- Directed by: James Ricketson
- Written by: Don Catchlove
- Produced by: Don Catchlove Graeme Isaac
- Starring: Patsy Stephen
- Edited by: Tony Stevens
- Music by: Phil Colson Nigel Westlake
- Release date: 1989;
- Running time: 101 minutes
- Country: Australia
- Language: English
- Budget: A$750,000

= Candy Regentag =

Candy Regentag, also known as Kiss the Night, is a 1989 Australian film directed by James Ricketson, about a young woman who works in a brothel.

==Cast==
- Patsy Stephen as Candy
- Rainee Skinner as Flour
- Warwick Moss as Reg
- Maxine Klibingaitis as Bibi
- Gary Aron Cook as Ian
- Toni Scanlan as Gail
- John Polson as Cyril
- Arky Michael as Franky
- Imogen Annesley as Sascha
- Christopher Truswell as Leo

==Plot==
Ex-art student Jenny (Patsy Stephen) works as a prostitute at Bambi's, a brothel in Sydney's Kings Cross, under the assumed name 'Candy Regentag'. She lives with her boyfriend Ian (Gary Aron Cook), a no-hoper musician, who squanders Candy's earnings on drugs.

One night, leaving Bambi's, Candy encounters the enigmatic Reg (Warwick Moss). As she gets to know Reg, who is vastly different to Ian, Candy is drawn to his charisma. She finds herself falling in love with him and sees a future with him where she will no longer need to work at Bambi's. Reg, however, has other ideas, wanting to retain a service-client relationship.

Candy ends her relationship with Ian, before realising that the reality of her future with Reg is less than ideal, a revelation that culminates in a fatal stabbing.

==Production==
The film, directed by James Ricketson and
produced by Don Catchlove and
Graeme Isaac with Rainy Day Productions, was fully funded by the Australian Film Commission. It was shot on 16mm in Kings Cross, Sydney during August and September 1986. Much of the film was shot in a brothel constructed for the film.

The film was composer and conductor Nigel Westlake's first film score.

==Release==
The film took two years to get a cinema release. After being completed in 1988 it had an initial release in the United States on 3 August 1988, before being officially released on 24 June 1989 in Australia.

Director, James Ricketson later said:
It was a story about a difficult kind of love between a man and a woman that happens to take place in the context of a brothel. But the same relationship could easily have taken place elsewhere. The man is incapable of making any kind of emotional commitment to the woman.
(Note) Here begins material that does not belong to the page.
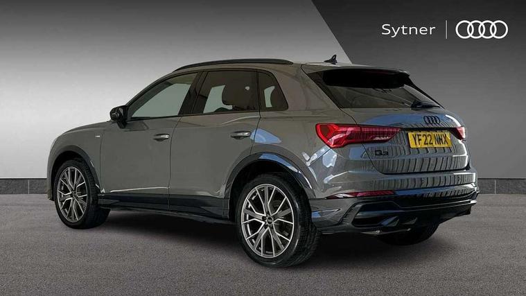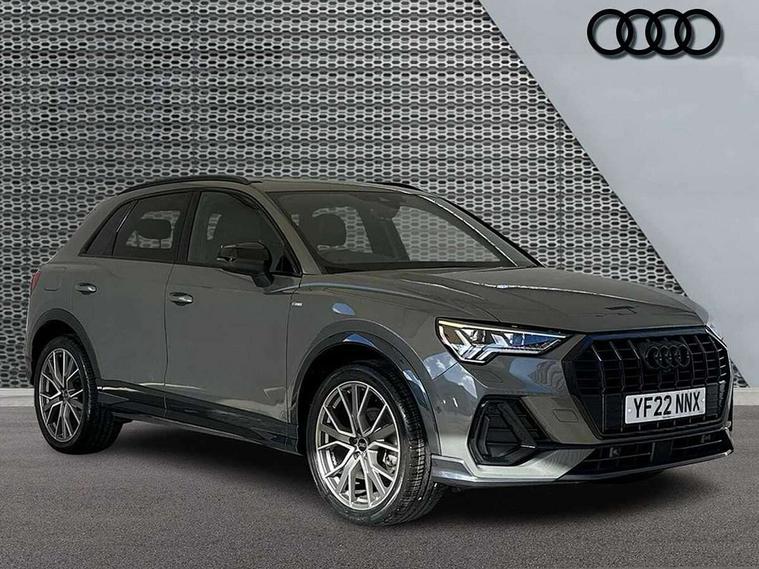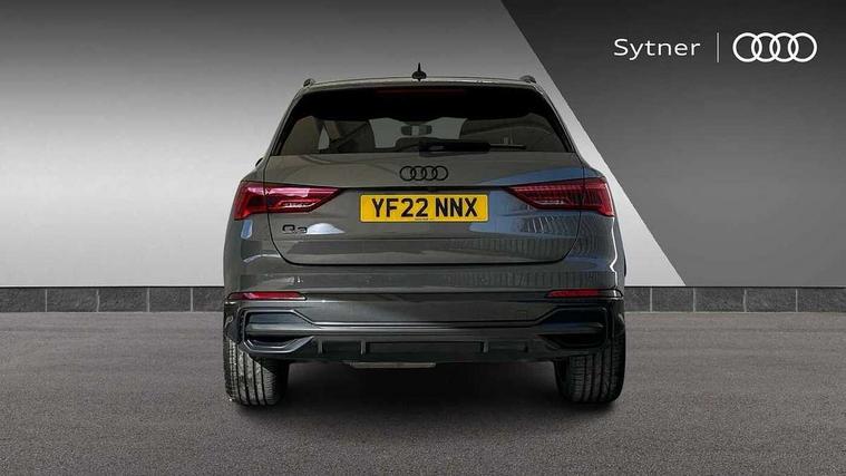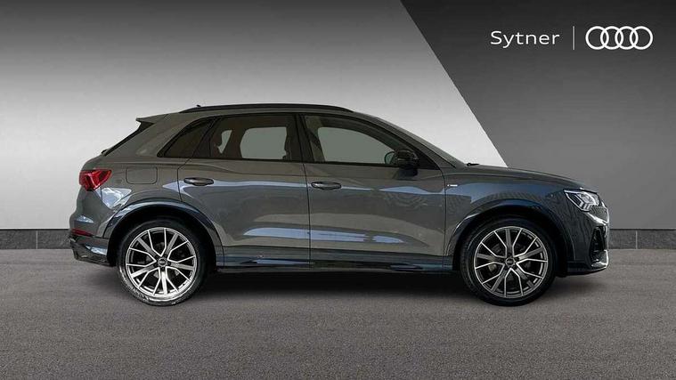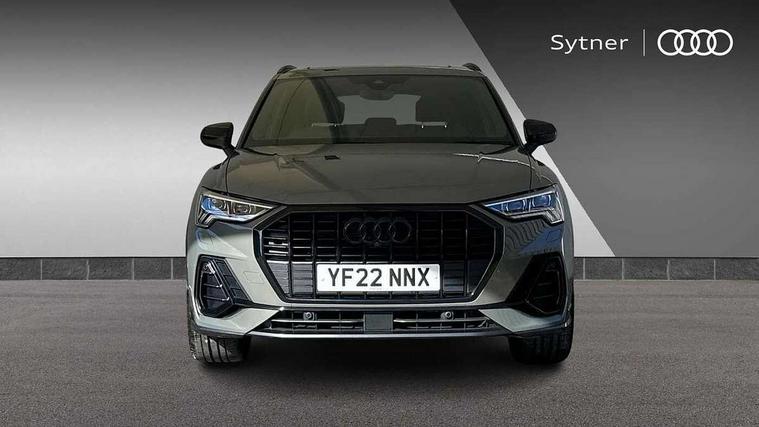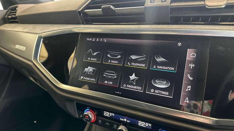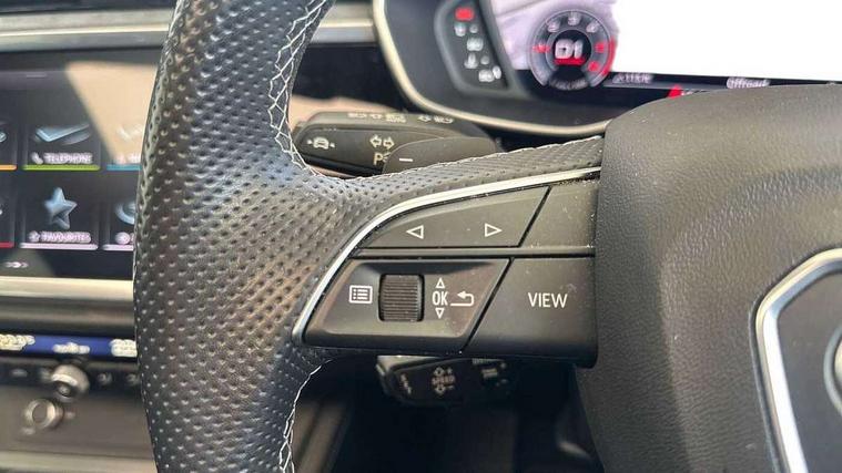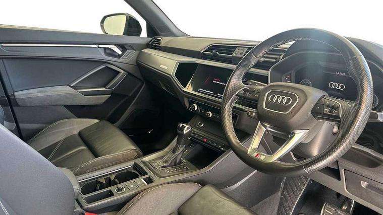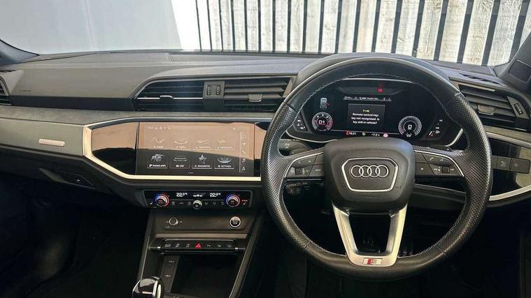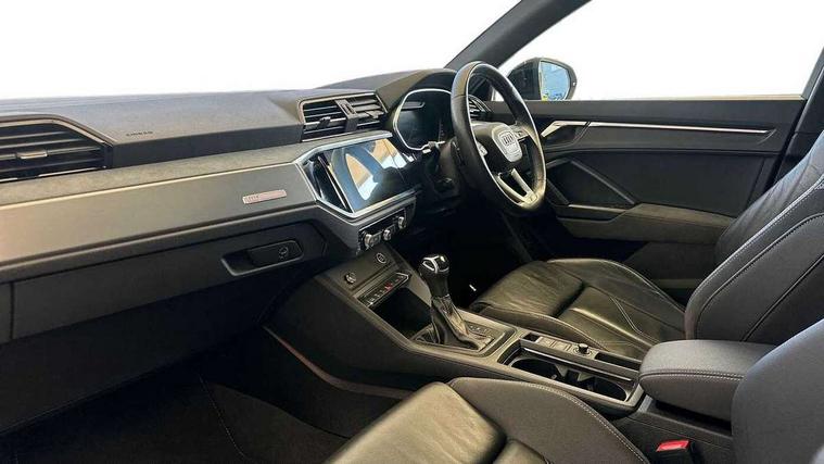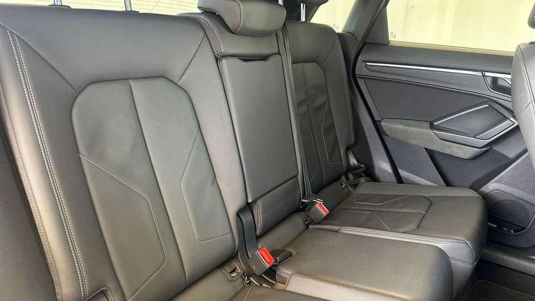 Leatherette door armrest, MMI touch colour display in glass look, black with surround in aluminium look, Black styling pack - Q3 vorsprung, Driver Assistance Pack - Q3, Multi coloured extended ambient interior lighting pack - Q3, Non smoking pack - Q3, Advanced key, Anti theft alarm, Anti theft wheel bolts, Audi pre-sense front with pedestrain and cyclist recognition, Remote central locking, 2 USB-C ports with charge and data functions, DAB digital radio module, SONOS premium sound system, 3x3 point rear seatbelts, 6 airbags - Driver, front passenger, curtain and side windows, Electrically operated child locks on rear doors, Electromechanical parking brake, Electronic stabilisation control including ABS, ASR and EDL, Hill descent control, Hill hold assist, Pre sense basic, Seatbelt monitoring, Tyre pressure warning, Warning triangle and first aid kit, Acoustic windscreen, Audi Beam uses LEDs to project Vorsprung logo, Auto dimming door mirrors, Auto dimming frameless rear view mirror, Black roof rails, Electrically folding, adjustable and heated door mirrors with integrated LED side indicators and kerb view function for passenger side, Front and rear electric windows, Front fog lights, Grille vertical bars in aluminium silver/Matt, Headlight washers, High gloss black finish B and C pillars, LED daytime running lights, Matrix LED headlights with LED rear lights and dynamic front and rear indicator, Panoramic opening glass sunroof, Privacy glass dark tinted rear and rear-side windows (from B-pillar backwards), Rain and light sensors, Rear diffuser strip in matt titanium black, Rear side wing doors, Rear wiper, S line bumpers in contrasting Manhattan grey, Third brake light, 12V socket in rear centre console, 3 seat bench in 2nd row, 3-spoke design with leather multifunction plus and gear shift paddles features S badging and grips in perforated leather with contrast stitching, 4 way electric lumbar support for driver and front passenger, 40:20:40 folding with manual adjustment for 60:40 forwards/backwards position and backrest angle, Adjustable rear seat bench/backrest with centre armrest and cupholder, Black cloth headlining, Dual zone electronic climate control, Electrically adjustable front seats, Front and rear black floor mats with contrast stitching in rock grey, Front and rear headrests, Front and rear roof module including reading lights, Front centre armrest, Glove compartment lighting, Heated front seats, Height and reach adjustable steering wheel, Illuminated door sill trims with S logo, ISOFIX child seat mounting for front passenger with airbag deactivation and outer rear seat including top tether attachment point for outer rear seats, Luggage compartment light, Perforated leather gearknob, Single front passenger seat, Stainless steel luggage compartment sill finisher, Stainless steel pedals, 360 degree parking camera, Amazon alexa Integration, Audi connect safety and service (e-call), Audi drive select, Audi lane departure warning, Audi phone box with wireless charging, Audi smartphone interface includes wireless Apple carplay/Android Auto, Audi virtual cockpit plus, Bluetooth interface, Camera based traffic sign recognition, MMI Navigation Plus with high resolution 10.1 inch touchscreen colour display, Power operated tailgate, Progressive steering, Rear cross traffic assist, Service interval indicator, Start stop system with recuperation, Voice control system with natural language interaction, Adaptive suspension with damping control, Diesel particulate filter,

The film was not hugely successful and I suppose I don't really think about it very much now. It's probably not a great film, but it's all right.

The film screened at Rivertown International Film Festival in 1989.

==Reception==
David Stratton of At the Movies review for Variety read: "This rather bleak, but quite gripping, drama... makes for a modestly effective film which, if it gets upbeat reviews, could work in selected venues in most large cities." and "Patsy Stephen gives a powerful performance as Candy, her looks and style reminiscent at times of Judy Davis."

Peter Crayford of the Australian Financial Review said: "Candy Regentag manages to avoid both the salacious and the sensational in dealing with life in a Kings Cross brothel. Its drama comes from the genuineness of its characterisations. It is a bold attempt at a contemporary suspense drama."